*** MATERIALS PROVIDED ***

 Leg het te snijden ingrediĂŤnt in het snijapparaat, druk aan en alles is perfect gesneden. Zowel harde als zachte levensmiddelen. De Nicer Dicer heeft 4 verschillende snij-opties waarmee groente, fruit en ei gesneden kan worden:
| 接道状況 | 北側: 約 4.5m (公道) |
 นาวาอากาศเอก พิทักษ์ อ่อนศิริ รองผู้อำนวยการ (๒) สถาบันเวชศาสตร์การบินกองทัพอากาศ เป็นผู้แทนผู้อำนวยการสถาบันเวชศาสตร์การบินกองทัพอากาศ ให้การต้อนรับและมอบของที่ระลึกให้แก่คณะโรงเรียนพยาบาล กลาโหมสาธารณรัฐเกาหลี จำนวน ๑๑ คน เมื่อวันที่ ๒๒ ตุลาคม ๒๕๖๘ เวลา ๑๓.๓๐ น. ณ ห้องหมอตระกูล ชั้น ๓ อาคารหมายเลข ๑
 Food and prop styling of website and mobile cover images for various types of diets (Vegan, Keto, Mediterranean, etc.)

*** End of MATERIALS PROVIDED ***
*** MATERIALS PROVIDED ***

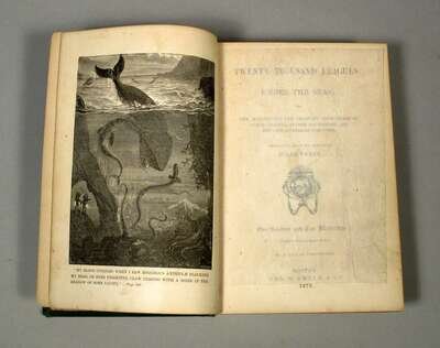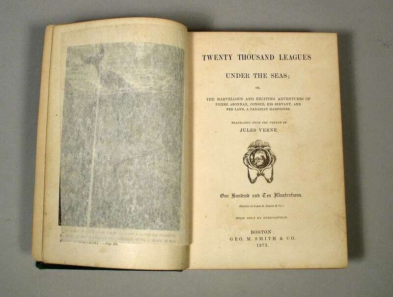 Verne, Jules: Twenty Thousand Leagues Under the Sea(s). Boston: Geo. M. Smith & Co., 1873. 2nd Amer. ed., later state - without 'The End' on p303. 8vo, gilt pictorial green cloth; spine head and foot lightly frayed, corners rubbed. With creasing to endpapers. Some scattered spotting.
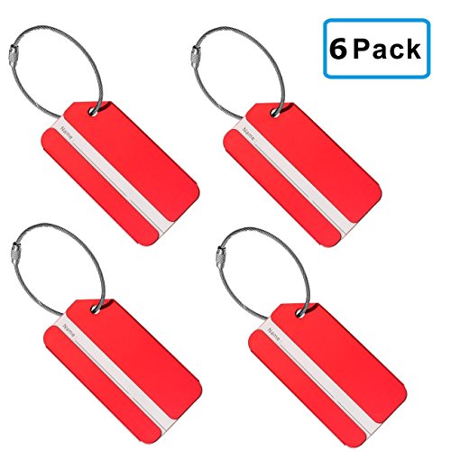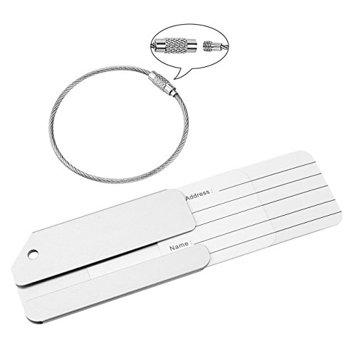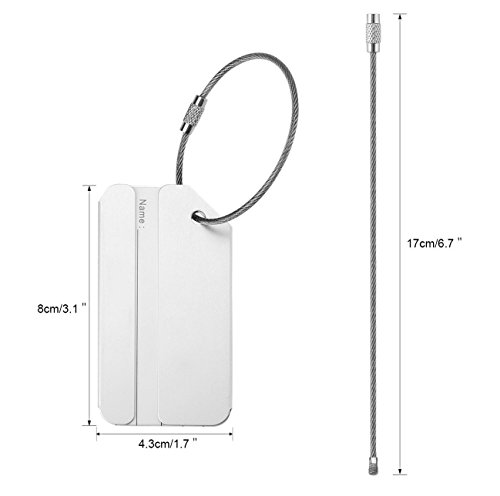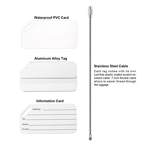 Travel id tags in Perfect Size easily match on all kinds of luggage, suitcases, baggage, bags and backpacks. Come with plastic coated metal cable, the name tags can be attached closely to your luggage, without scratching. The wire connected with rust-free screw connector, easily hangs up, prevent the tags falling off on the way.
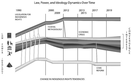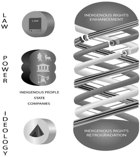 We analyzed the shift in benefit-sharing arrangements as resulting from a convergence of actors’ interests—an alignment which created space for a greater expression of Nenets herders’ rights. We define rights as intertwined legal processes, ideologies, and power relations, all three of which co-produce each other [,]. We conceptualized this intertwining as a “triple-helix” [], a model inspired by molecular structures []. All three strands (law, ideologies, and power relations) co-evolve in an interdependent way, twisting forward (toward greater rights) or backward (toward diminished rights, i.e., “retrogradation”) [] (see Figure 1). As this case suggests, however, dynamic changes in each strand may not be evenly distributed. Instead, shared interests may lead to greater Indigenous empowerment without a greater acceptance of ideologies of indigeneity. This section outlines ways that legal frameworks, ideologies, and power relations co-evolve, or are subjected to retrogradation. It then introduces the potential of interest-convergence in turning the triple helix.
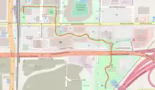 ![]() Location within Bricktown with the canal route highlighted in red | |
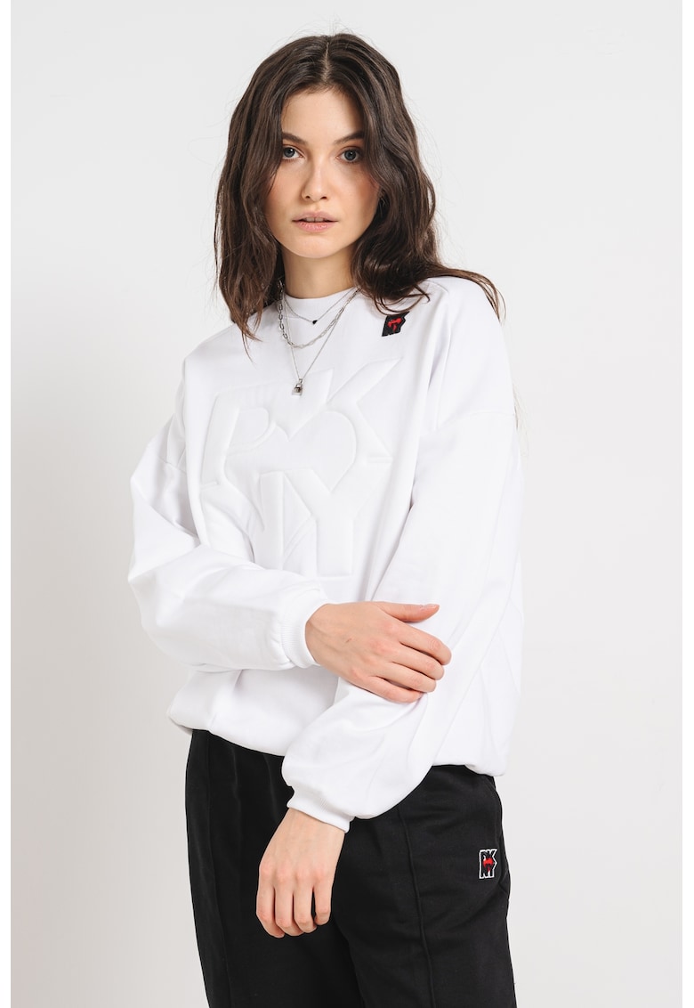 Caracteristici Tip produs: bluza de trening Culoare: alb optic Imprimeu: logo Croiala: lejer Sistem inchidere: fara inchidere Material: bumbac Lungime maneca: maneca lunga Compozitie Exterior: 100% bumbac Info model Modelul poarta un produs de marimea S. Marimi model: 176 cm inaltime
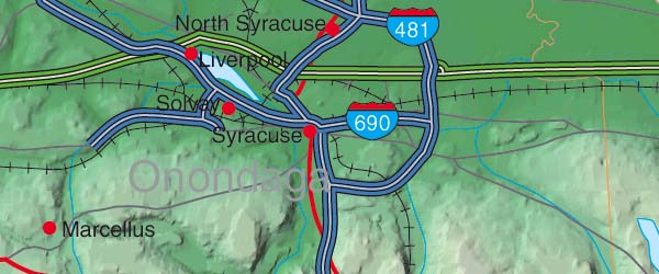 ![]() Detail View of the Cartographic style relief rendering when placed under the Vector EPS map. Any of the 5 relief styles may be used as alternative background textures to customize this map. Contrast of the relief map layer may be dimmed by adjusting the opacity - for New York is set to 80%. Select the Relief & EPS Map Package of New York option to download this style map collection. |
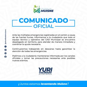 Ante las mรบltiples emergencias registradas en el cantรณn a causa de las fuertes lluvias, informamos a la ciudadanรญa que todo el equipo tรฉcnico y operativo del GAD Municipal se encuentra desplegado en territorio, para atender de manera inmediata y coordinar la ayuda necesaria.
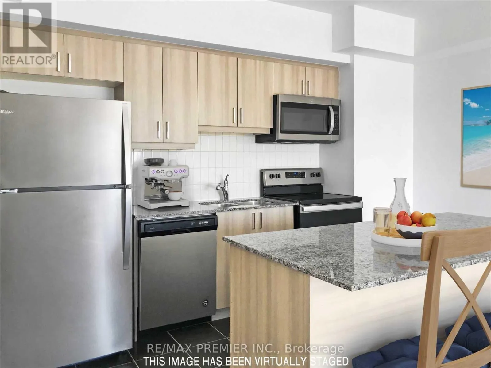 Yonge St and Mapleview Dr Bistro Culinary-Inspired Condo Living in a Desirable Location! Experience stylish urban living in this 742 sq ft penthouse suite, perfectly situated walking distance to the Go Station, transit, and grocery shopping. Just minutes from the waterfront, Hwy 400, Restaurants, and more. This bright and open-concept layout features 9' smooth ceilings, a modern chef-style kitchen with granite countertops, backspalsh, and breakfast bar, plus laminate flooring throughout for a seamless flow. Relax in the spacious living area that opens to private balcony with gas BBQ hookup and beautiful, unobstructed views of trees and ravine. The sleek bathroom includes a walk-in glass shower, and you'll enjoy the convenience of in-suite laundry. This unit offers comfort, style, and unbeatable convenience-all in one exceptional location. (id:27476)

*** End of MATERIALS PROVIDED ***

_HOW TO COMPLETE THIS TASK_: Copy, exactly and only, the lines above that begin with the one containing "Leg het te snijden" and finish with the one containing "Food and prop".

_PROBLEM SOLUTION_:
 Leg het te snijden ingrediĂŤnt in het snijapparaat, druk aan en alles is perfect gesneden. Zowel harde als zachte levensmiddelen. De Nicer Dicer heeft 4 verschillende snij-opties waarmee groente, fruit en ei gesneden kan worden:
| 接道状況 | 北側: 約 4.5m (公道) |
 นาวาอากาศเอก พิทักษ์ อ่อนศิริ รองผู้อำนวยการ (๒) สถาบันเวชศาสตร์การบินกองทัพอากาศ เป็นผู้แทนผู้อำนวยการสถาบันเวชศาสตร์การบินกองทัพอากาศ ให้การต้อนรับและมอบของที่ระลึกให้แก่คณะโรงเรียนพยาบาล กลาโหมสาธารณรัฐเกาหลี จำนวน ๑๑ คน เมื่อวันที่ ๒๒ ตุลาคม ๒๕๖๘ เวลา ๑๓.๓๐ น. ณ ห้องหมอตระกูล ชั้น ๓ อาคารหมายเลข ๑
 Food and prop styling of website and mobile cover images for various types of diets (Vegan, Keto, Mediterranean, etc.)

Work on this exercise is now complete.